Similarly, say we have a single electron in space that is oscillating in the $+z$ direction. Then it would emit EM radiation out into the entire $xy$ plane. The intensity of this would necessarily have to decrease over distance, but we know that light is quantized. If the EM waves it was emitting were probabilities, then we should expect that for a given observer, the odds of detecting a photon decrease with distance but once we actually make a detection, the photon would have a definitive energy. This is, as far as I know, true.

It seems like both of these scenarios are pushing me towards viewing the EM wave as a representation of the probability of finding a photon, rather than the actual strength of the electric field itself. But this doesn't seem right either, as afterall charges react to light's oscillating electric field. Plus the wave doesn't just take values between 0 or 1 as a probability should, but rather has an amplitude based on the energy, and oscillates between $-A$ and $A$. Feynman refers to the square of the amplitude as the probability, but this doesn't fully solve my confusion as now the values range from $0$ to $A^2$.

What am I missing here? Talking about the wave as purely the oscillation of the electric field feels incomplete, but viewing it as a probability also seems incomplete. Afterall, the literal oscillating electric field is what produces the oscillating magnetic field, and it is what drives the oscillation of charged particles it comes across. Yet at any given point in space, you only have a probability of actually detecting a photon there, and it's energy is definitively known. So I must be misunderstanding something. I can't understand what else the wave actually is. Or are there two waves, one for the probability and one for the electric field?

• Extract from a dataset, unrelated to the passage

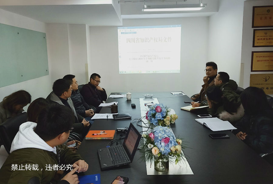 会上,毛光军副所长组织参会人员认真学习及解读了《国家知识产权局关于进一步提升专利申请质量的若干意见》 、《国家知识产权局办公室关于进一步做好2018年专利质量提升工作的通知》 、《国家知识产权局办公室关于开展专利申请相关政策专项督查的通知》 、《关于规范专利申请行为的若干规定》、《四川省知识产权局关于做好2018年专利质量提升有关事项的通知》 、《四川省知识产权局关于进一步提升全省专利申请质量的实施意见》、《四川省知识产权局关于做好专利申请相关政策专项督查的通知》等一系列政策文件。
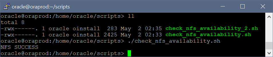 Here's a sample execution of the script. The output is either "NFS SUCCESS" or "NFS FAIL".

Edit: I should say I have only read the first 2 chapters of Feynman's QED. Perhaps as I continue reading, my questions will be answered. I'm just finding myself very confused at the moment.

Answer 1

Light is not a wave, that was only true in classical physics. It can not be represented (as you claim) by a sine wave with discrete values of amplitude. It can be represented as a wave functional, which is a complicated concept (a "wave function of a wave"). There are many discussions of it, e.g. this one. You will have to study Quantum Field Theory to find out the details.

As for the observer of your EM wave that becomes weak with distance: the observer's own quantum state will interact with the EM wave functional and the resulting entangled state will have a small-amplitude component where the observer's detector was triggered, and a large component where nothing was seen. All can be described with one big QM state. But due to decoherence those two components (usually) evolve in time almost independently after the interaction.

This means you can act as if one component does not exist, but in fact there are two branches of reality that have been almost completely split off from each other. That last situation is how the discreteness enters in the macroscopic world (you can call it "apparent collapse" or "many worlds" or whatever you like). It does not follow from the discreteness of eigenfunctions of operators directly, but from the fact that some of those states are "pointer states" and become independent in time. (Collapsing the wave function is then by far the most efficient way to compute things for only one of the components, but not necessarilly the truth.)

Answer 2

The electromagnetic wave gives the expectation or average value of the number of photons. The Poisson distribution with this average is what you will observe. The same is true for an electron wave.

I like to keep the math as simple as possible, but not any simpler than that. If I can be more concise let me know .